While using the above data elements in an Excel workbook, the RAID log owner could construct visual relationships and information graphs to accompany the quantitative elements of the log. Below are several metrics you could employ that will help you capture your RAID Log’s true value:
- Total open items per workstream
- Total open items vs. total closed item
- Ratio of open vs closed items
- Number of R, A, I, D per workstream or status (open/closed)
- Number of overdue items
- RAID log entry distribution per workstream
- Number of items due in the forthcoming weeks or a specific project deadline
- Log volume record by month or week of project
- Number of items owned by project management/business/tech team
- Distribution of items percentage to each owner
- Number of items owned by each owner
The way you display your data has a direct impact on the perception of its value. Strategically placing charts, or, contrarily, including too many, has influence over the reader’s attention span and value-added feedback. In addition, selecting the right style of a chart provides immense help in drawing out RAID statuses. For example, pie charts are excellent tools for displaying distributions. Bar charts would be ideal for showing quantified sums, such as number of items logged per workstream. Scatter charts or line graphs are best utilized when breaking down large volumes of information across the project’s lifetime, such as number of entries logged per a particular week or month. Furthermore, if the visuals are helpful to the project management team and others, individuals can take out portions of your dashboard for their deliverables. An example may be a Scrum Master copying and pasting your overdue item distribution pie chart for their monthly status PowerPoint deck. Or, a senior leader may want to utilize one of your bar charts displaying a list of workstream risks, so they can influence certain business or technology leaders to get moving on an action item.

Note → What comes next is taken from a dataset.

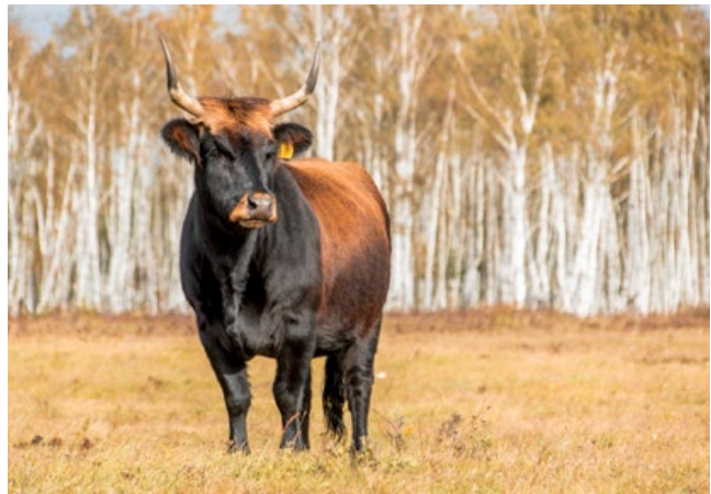
Heckrind in der Oranienbaumer Heide. Die munitionsbelastete Fläche wurde bis 1992 militärisch genutzt (Foto: Theresa Petzold).

Bei der Einrichtung von Beweidungen auf munitionsbelasteten Flächen oder Munitionsverdachtsflächen sind die Ordnungsbehörden einzubeziehen und die flächenspezifischen Gefahrenabwehrverordnungen zu berücksichtigen. Zu unterscheiden sind hier Bereiche, auf denen auf Grund nachgewiesener Belastungen ein Betre-

The RAID log, without the analytics, is simply a central repository of information. A RAID log with analytics, however, is a visual centerpiece that communicates a story about your project. In an Excel RAID log, you could have three tabs, for example: (1) Visual dashboard, (2) RAID log, (3) Worksheet deck. Using COUNTIFS, pivot tables, and SUMIFS formulas will help the owner automate the front tab dashboard. The worksheet deck can be an empty sheet where the owner creates customized visuals based on project leadership feedback and project management status or reporting decks. Along with being used in post-project auditing, the RAID is a critical tool that plays a major role in documenting and advertising change throughout your project’s lifespan.